AVB's spell at Spurs is destined to be short and sweet

Posted by Dan Fitch

Mark Thompson/Getty ImagesAndre Villas-Boas' interest in auto racing took him to the Monaco Grand Prix, where he hung out with F1 pundit Eddie Jordan, left.

When Paris Saint-Germain started sniffing around Andre Villas-Boas recently, I can't have been the only Spurs fan who found themselves more concerned at the prospect of the club losing their manager than their star player.

Losing Gareth Bale would be a big blow, but Tottenham would at least be compensated with enough money to have a good attempt at creating an all-around stronger squad.

If AVB were to leave, it would be tougher to bounce back, at least in the short term. The club would be in for another season of transition as a new manager imposed his methods and tactics.

-Villas-Boas' 10-year managerial plan

Luckily, Villas-Boas rebuffed PSG's advances. Having never started a second season at any of his former clubs, he needed some stability every bit as much as Spurs do.

I'm not sure anyone should expect AVB to be at Spurs for too long, though. At 35, he's young enough to stay at White Hart Lane for a decade, create a real legacy and still have plenty of time on his side. But unfortunately, the Portuguese thinks a little differently than most football managers.

Villas-Boas intends for his career as a manager to be a brief one. In an interview with the wonderfully named Portuguese newspaper O Jogo, AVB revealed he intends to quit coaching within five or 10 years to fulfill his ambition of competing in the Dakar Rally.

It's an unusual ambition for a football manager to hold, but then Andre Villas-Boas is an unusual manager. He hasn’t come from a traditional football background, so we should perhaps not expect him to follow a traditional career path.

Remember that Villas-Boas began his coaching journey at 17 under the then-Porto manager Bobby Robson. That means he's already been doing the job in one form or the other for some 18 years. To put that into perspective, if a professional footballer hung up his boots in his late 30s and then coached for 18 years, he’d find himself in his mid-50s.

So maybe it's not so crazy for AVB to limit his life as a coach to the next decade. The trouble for Spurs, though, is this puts a ticking clock on his football ambitions.

Villas-Boas has spoken about his desire to coach in Brazil. and you can also be sure that such an ambitious man will want a crack at a true European giant at some point in his career.

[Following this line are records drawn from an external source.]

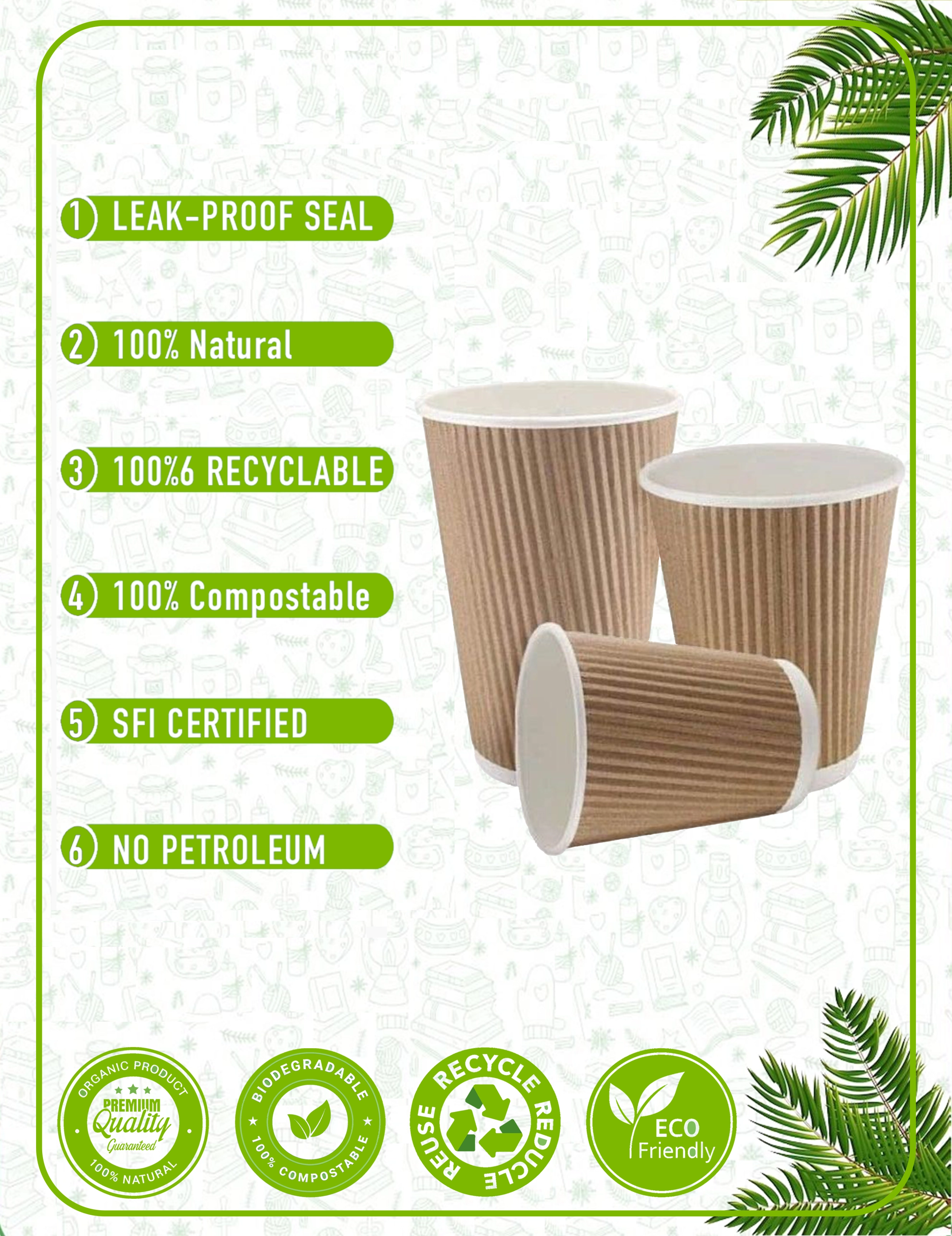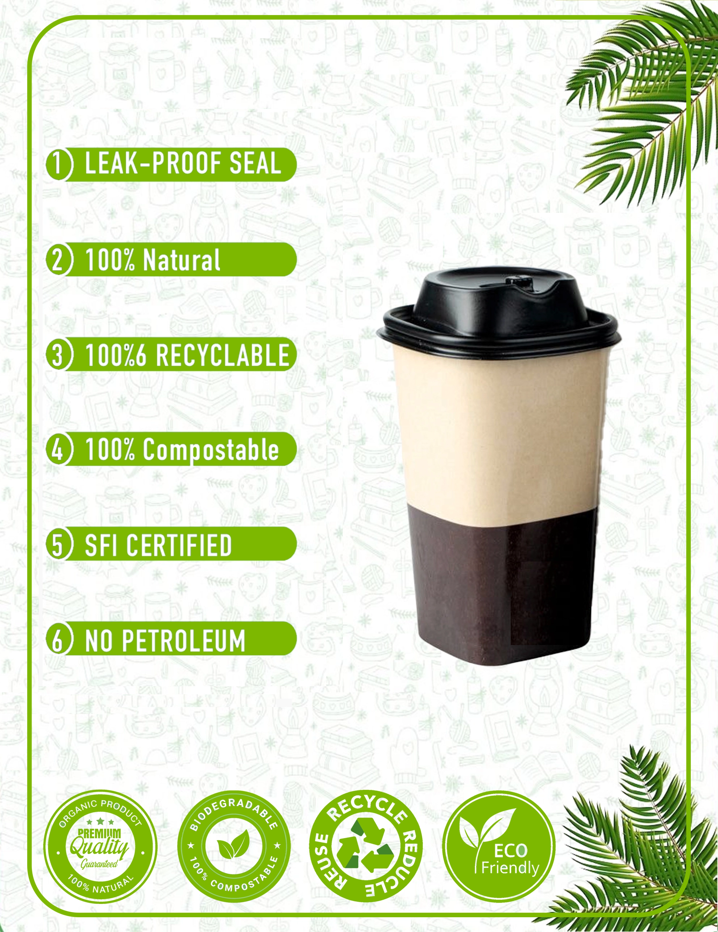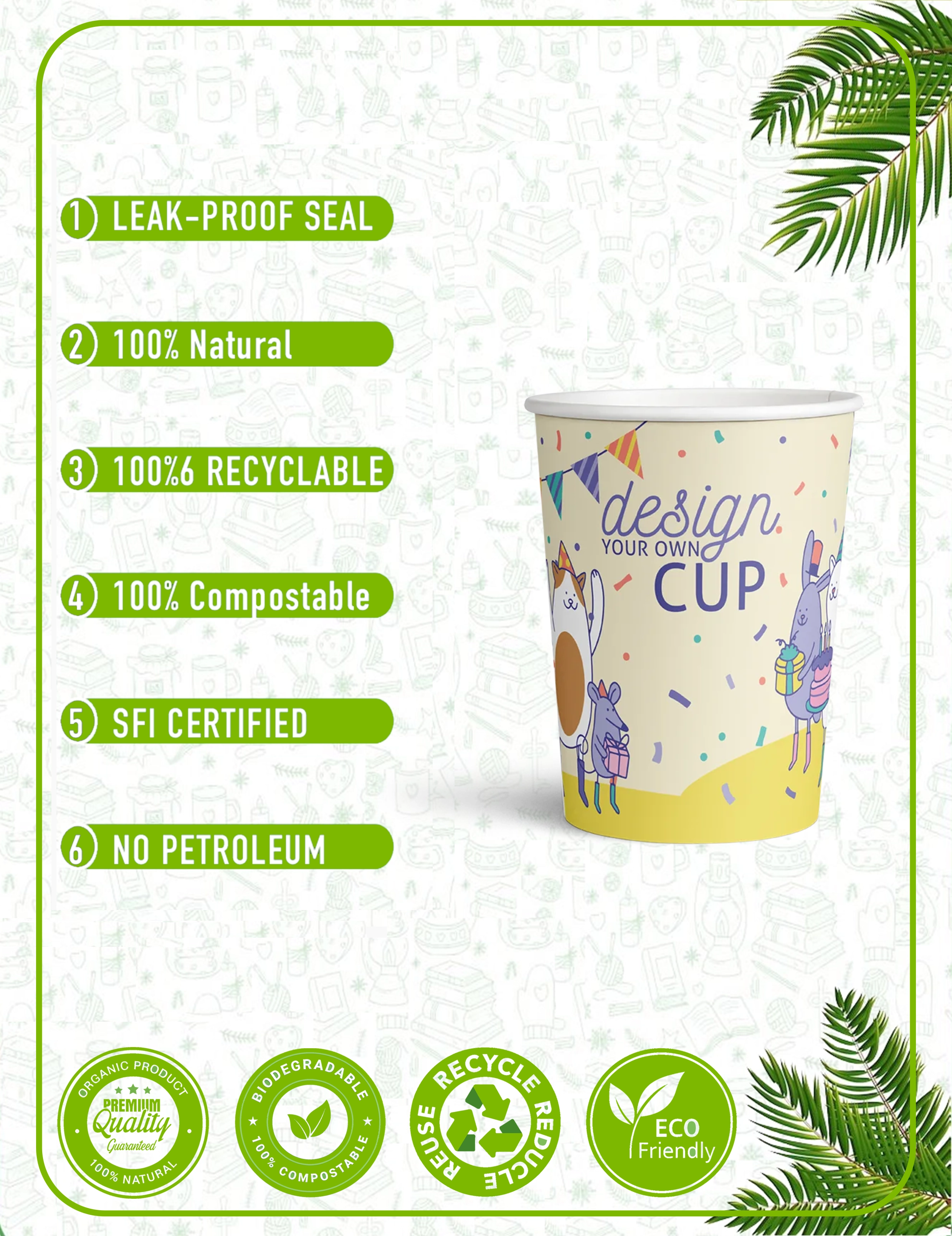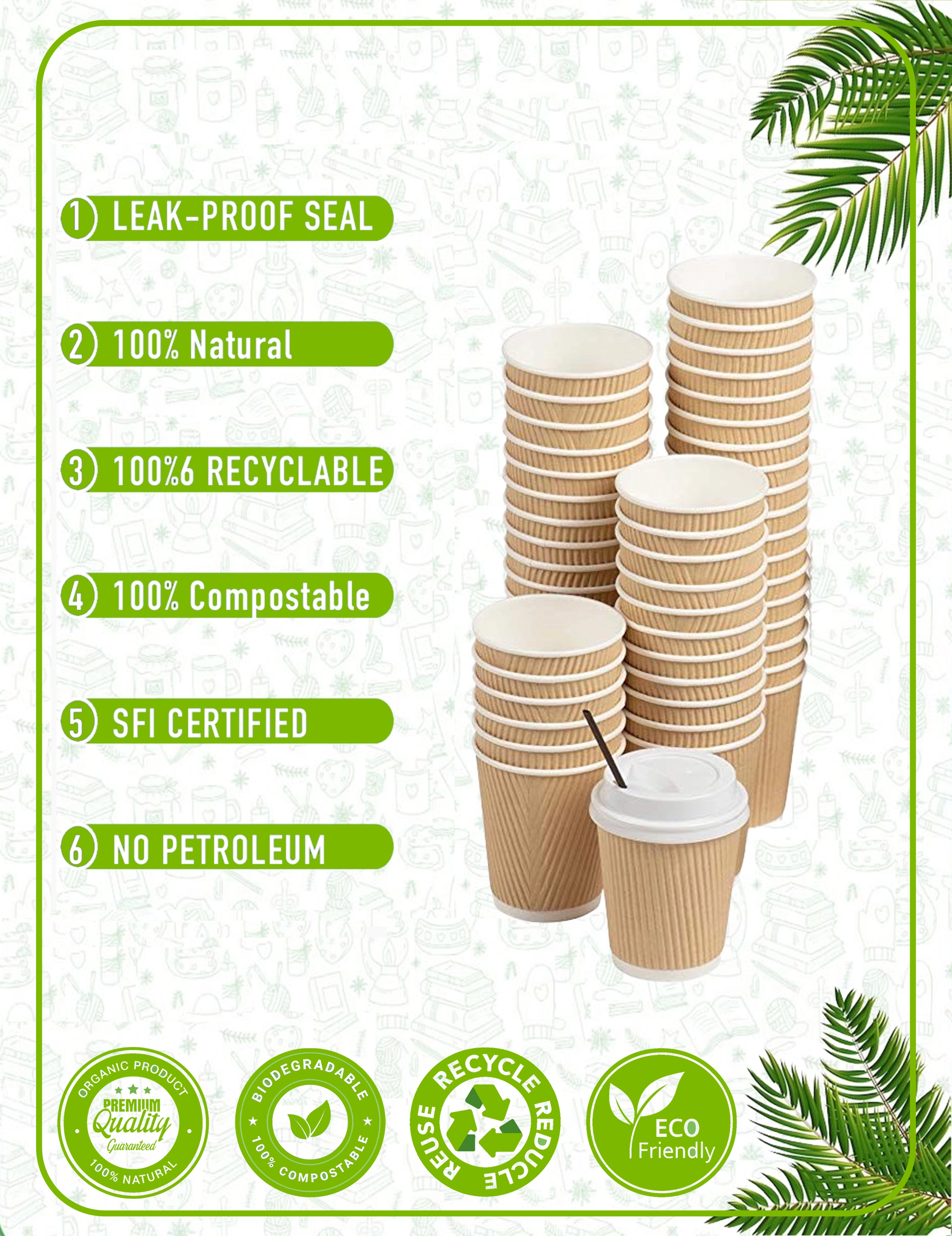 Our paper cups are crafted from responsibly sourced materials with plant-based linings. We prioritize eco-friendly solutions that reduce environmental impact without compromising quality. Every cup and packaging accessory is designed with circular economy principles in mind - from recyclable paper cups to compostable lids and biodegradable sleeves.
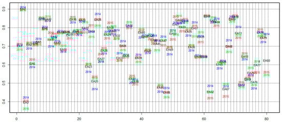 If we focus on item EA37, which belongs to group 2 (Table 1). In that case, the average year has a value of the ratio of affirmative answers between 0.5 and 0.6 (near 0.57), but we can see an evolution along the years: during 2014, the ratio was similar to the average; then, during 2015 the ratio fell until a value near 0.53; and finally, during 2016 the ratio grew up until a much higher value even above 0.6; so, the main conclusion is that EA37 varies a lot along the years: much fewer ‘yes’ answers were given during 2015 than during 2014, and much more ‘yes’ answers were given during 2016.
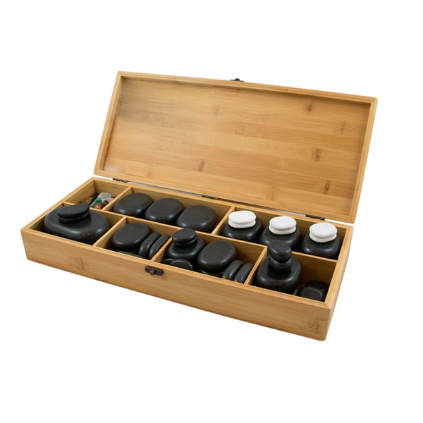 Se basa en la acupuntura y el uso de las líneas de los meridianos, puede ayudar a mejorar la circulación. Las piedras de basalto se mantienen calientes durante mucho tiempo, son ideales para el masaje de la espalda y del cuello, y, en este caso, son presentadas en una elegante caja de madera.
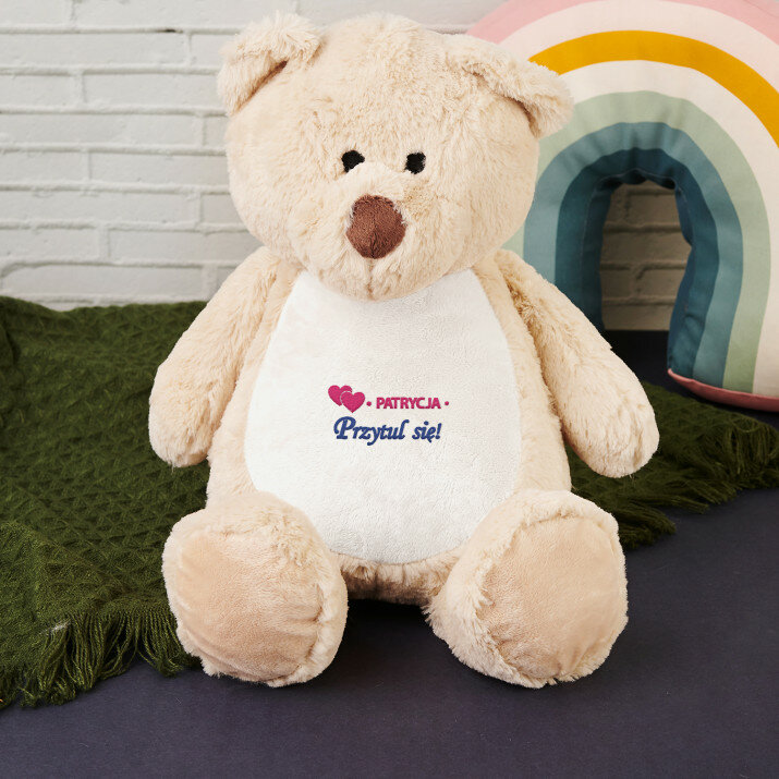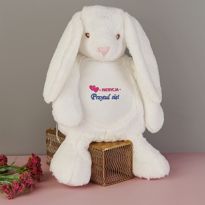Duży i niezwykle miękki pluszak miś albo królik, ozdobiony jednym z naszych personalizowanych haftowanych wzorów. Zabawka pluszowa, skład: 100% poliester. Maskotka posiada unikalny zamek błyskawiczny, który umożliwia wyjęcie wnętrza i bezproblemowe czyszczenie. Miś jest bezpieczny dla dzieci w każdym wieku. Tylko pranie ręczne. Wysokość pluszaka: 45 cm.
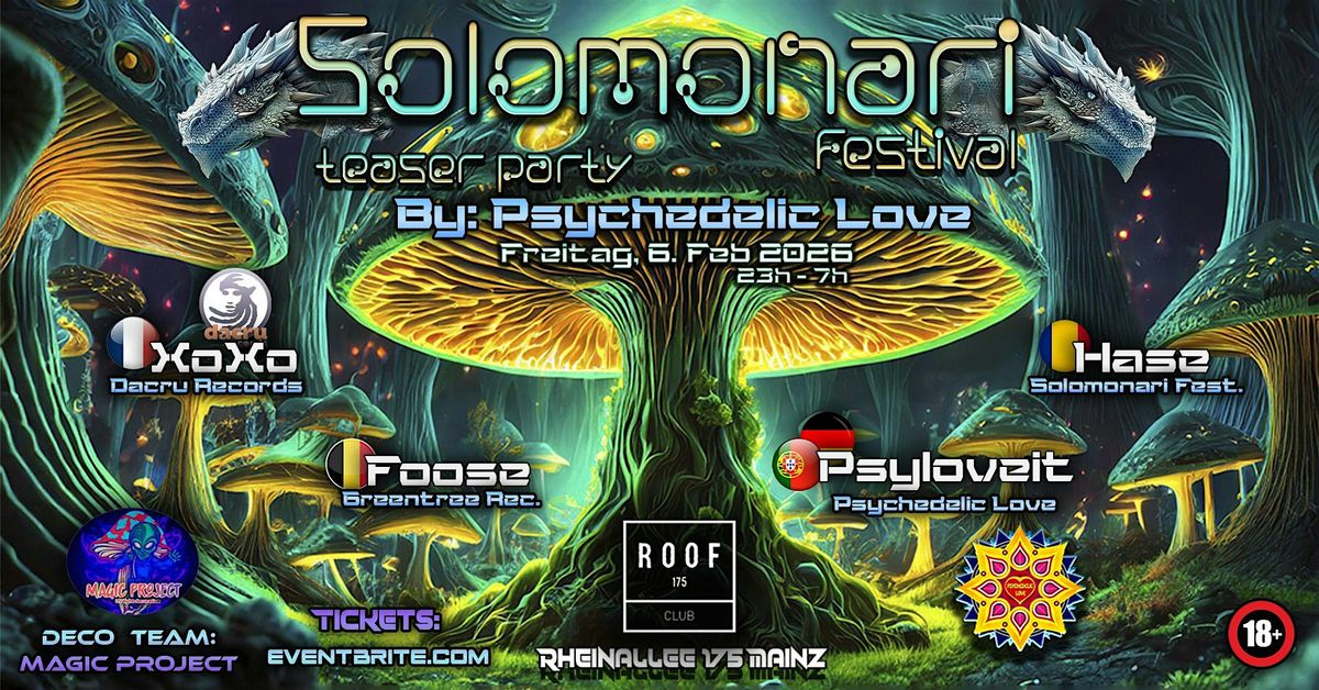 BIG GIVEAWAY 10 ×1 Festival Tickets to SOLOMONARI FESTIVAL 2026 Ludoș, Romania June 18–21, 2026 Festival gate price: 140 € + processing feesReady for 4 days of music, freedom, underground vibes, and unforgettable experiences?Then this is your chance — join our raffle and win! PRIZE 10× 1 Full Festival Ticketsfor SOLOMONARI FESTIVAL 2026 HOW TO PARTICIPATEYou can join on Facebook, Instagram, or both (joining on both increases your chances!): Follow PSYCHEDELIC LOVE & SOLOMONARI FESTIVAL Like this post Comment with who you want to visit SOLOMONARI FESTIVALLinks https://linktr.ee/psychedelic.love.events WHAT AWAITS YOU IN ROMANIA Music Art Freedom Underground vibes Culture Countless unforgettable momentsDacru.rec is one of the organizers — reason enough to know this will become one of the most exciting new festivals worldwide. Don’t miss this opportunity!Tag your friends and invite them to participate — they might be dancing next to you on the floor! DRAW DETAILSends: 05.02.2026 at 6:00 PM Winners will be announced via comment and private messageAnd than we will give the tickets to the winners at the teaser party.We give the tickets to the winners at the TEASER PARTY IN ROOF 175 Important:Tickets are personalized with the winner’s name and are only valid with matching official identification. Good luck & see you on the dance floor!
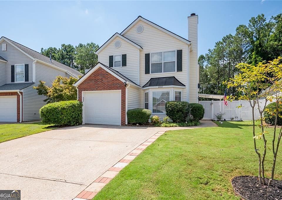 Best value in Britley Park-move-in ready 2BR/2.5BA with a welcoming covered patio and a spacious fenced backyard for play, pets, or relaxing. Peace-of-mind updates: roof ~5 years old, HVAC under warranty, and well-maintained throughout. Smart-home upgrades include Ring doorbell with security cameras, smart thermostat, Wi-Fi garage opener, and keypad front entry. Kitchen features brand-new quartz countertops. Both bedrooms are ensuite with walk-in closets; convenient half bath on the main. Low-maintenance living-HOA handles the yard maintenance. Prime location: minutes to Downtown Woodstock, parks, shopping, dining, and a nearby lake/campground, with quick I-575 access via Towne Lake Pkwy. Don't miss this one!
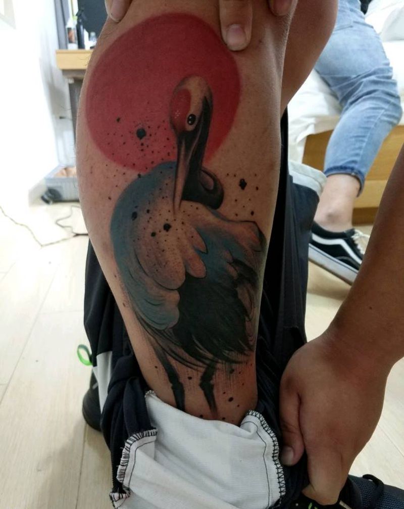 仙鹤(祥和)纹身图片_腿部水彩纹身图案
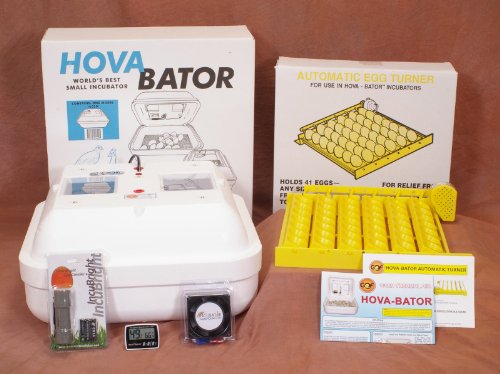 Hova Bator Incubator (Model 1602N) Complete with thermometer, snap action thermostat and easy-to-clean sanitary liner. Made of durable styrofoam to help retain warmth and keep a constant temperature. Incubator features two 5"x 4" viewing windows (great for educational purposes!) and moisture rings built into the liner. Overall dimensions are 18" x 18" x 9-1/4". This is a 110V version, but we do offer a voltage converter for 220/240V. See international page for details. Hova Bator Egg Turner (Model 1611) Comes with Universal size Egg Trays! The turner will automatically turn the eggs 6 times per day and comes complete with universal sized rails (chicken size) that will fit 41 eggs . It's easy to clean and dishwasher safe. This combination of incubator and turner will provide you with a great all around incubator for hatching your eggs. New & Improved Circulated Air Fan Kit Temperature variation within the incubator has a significant impact on your hatch rates. Heat naturally rises, so you need to circulate the hot air from the hot spots to the cool spots for a much more uniform and consistent temperature and better hatch results. The more consistent air temperature also ensures that your thermostat is cycling on and off at the appropriate times, not just when the air around the thermostat heats or cools. This listing comes with a fan kit, complete instructions and all connectors needed to easily install the fan. Digital Thermometer & Hygrometer with MIN/MAX Memory with AAA Battery The Incubator Warehouseâ??s thermometer hygrometer has many features that you wonâ??t find in other models including wider temperature and humidity measurement ranges, more accurate temperature reading, AAA battery included, flip out stand, and backed by the Incubator Warehouseâ??s 1 Year Hassle Free Guarantee * Measures and displays temperature in Celsius or Fahrenheit (Switch on back) * Measures and displays relative humidity * Memory function to recall minimum and maximumRead more HovaBator Deluxe Egg Incubator Combo Kit

With that in mind, Tottenham will do well to hang onto AVB until the point when they move to their new stadium. Two or three seasons seem likely to be the limit, especially considering that he popped up on the radar of the likes of PSG and Real Madrid this summer.

I hope he sticks around until that point, because when Spurs finally do move into their new home, they will effectively be a new club.

Right now, Tottenham have the sixth-highest wage budget in the Premier League. That will change once the club increases the gate capacity by almost 25,000. Spurs will then be able to compete with the very biggest clubs in the world for players.

Which in turn will make Tottenham a very attractive prospect for any manager. The timing might not be right for Andre Villas-Boas to harness that potential, but what he can do is to lay very solid foundations for the man who can.